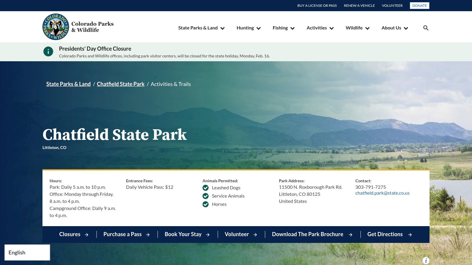 Website: https://cpw.state.co.us/state-parks/chatfield-state-park/chatfield-state-park-activities-and-trails
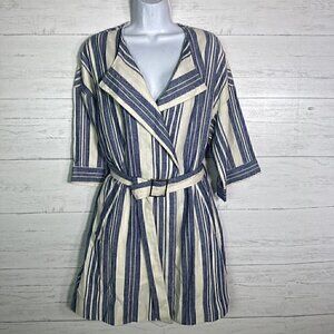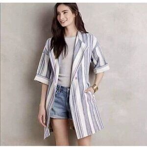 NEW Anthropologie Elevenses Blue White Striped Duster Jacket XS
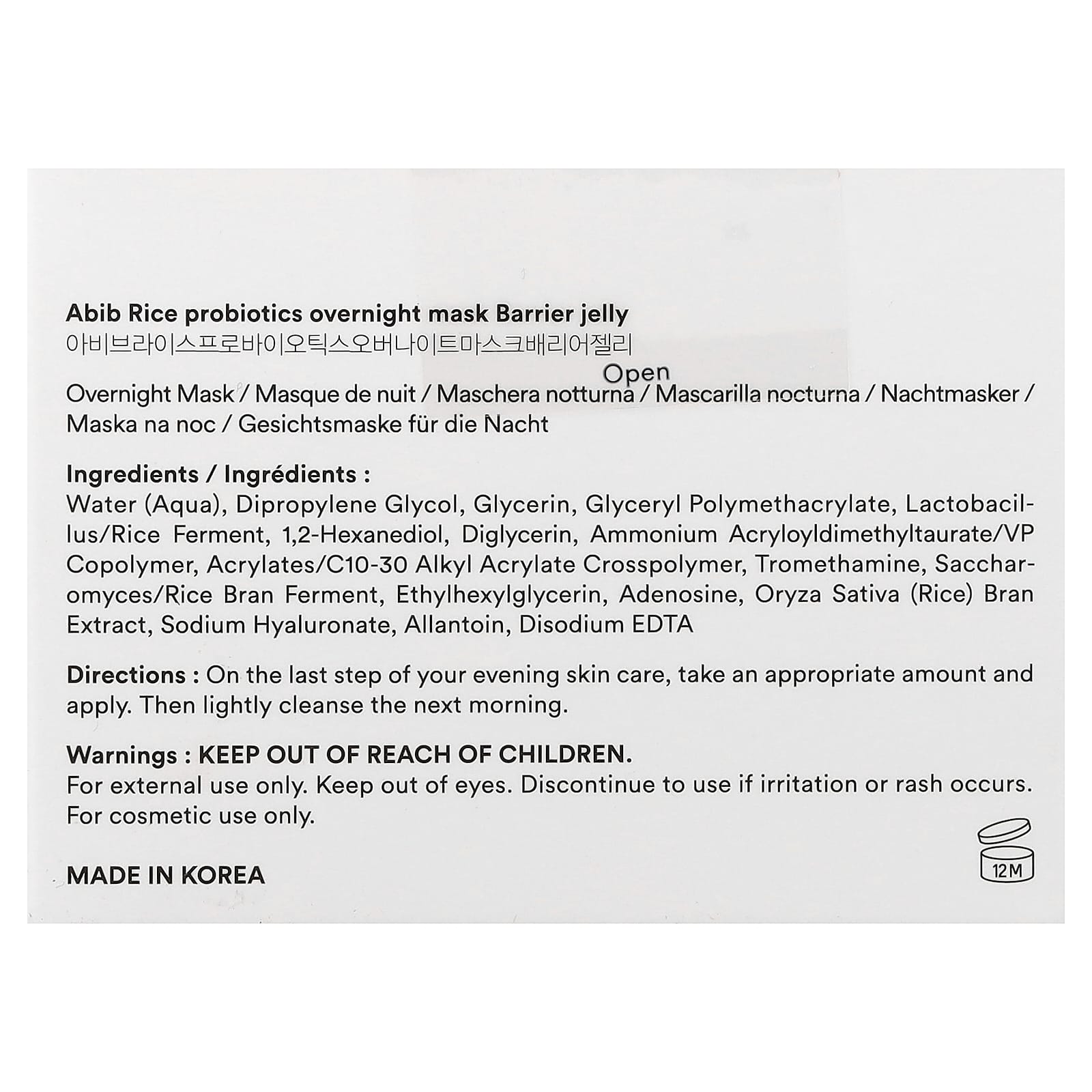 Вода (Aqua), дипропиленгликоль, глицерин, глицерил полиметакрилат, продукт ферментации бактерий Lactobacillus в присутствии риса, 1,2-гександиол, диглицерин, аммоний акрилоилдиметилтаурат/ВП сополимер, акрилат/c10-30 алкил акрилат кроссполимер, трометамин, продукт ферментации рисовых отрубей с сахаромицетами, этилгексилглицерин, аденозин, экстракт рисовых отрубей (Oryza sativa), гиалуронат натрия, аллантоин, двунатриевая ЭДТК.
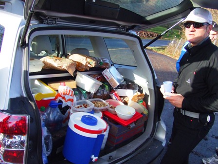 Verpflegungsstelle: Der reich gefüllte Kofferraum von Gaby lädt ein. |

* [ASSIGNED TASK] Write out the data word for word, with every picture dropped.

* [TASK RESULT]
 Website: https://cpw.state.co.us/state-parks/chatfield-state-park/chatfield-state-park-activities-and-trails
 NEW Anthropologie Elevenses Blue White Striped Duster Jacket XS
 Вода (Aqua), дипропиленгликоль, глицерин, глицерил полиметакрилат, продукт ферментации бактерий Lactobacillus в присутствии риса, 1,2-гександиол, диглицерин, аммоний акрилоилдиметилтаурат/ВП сополимер, акрилат/c10-30 алкил акрилат кроссполимер, трометамин, продукт ферментации рисовых отрубей с сахаромицетами, этилгексилглицерин, аденозин, экстракт рисовых отрубей (Oryza sativa), гиалуронат натрия, аллантоин, двунатриевая ЭДТК.
 Verpflegungsstelle: Der reich gefüllte Kofferraum von Gaby lädt ein. |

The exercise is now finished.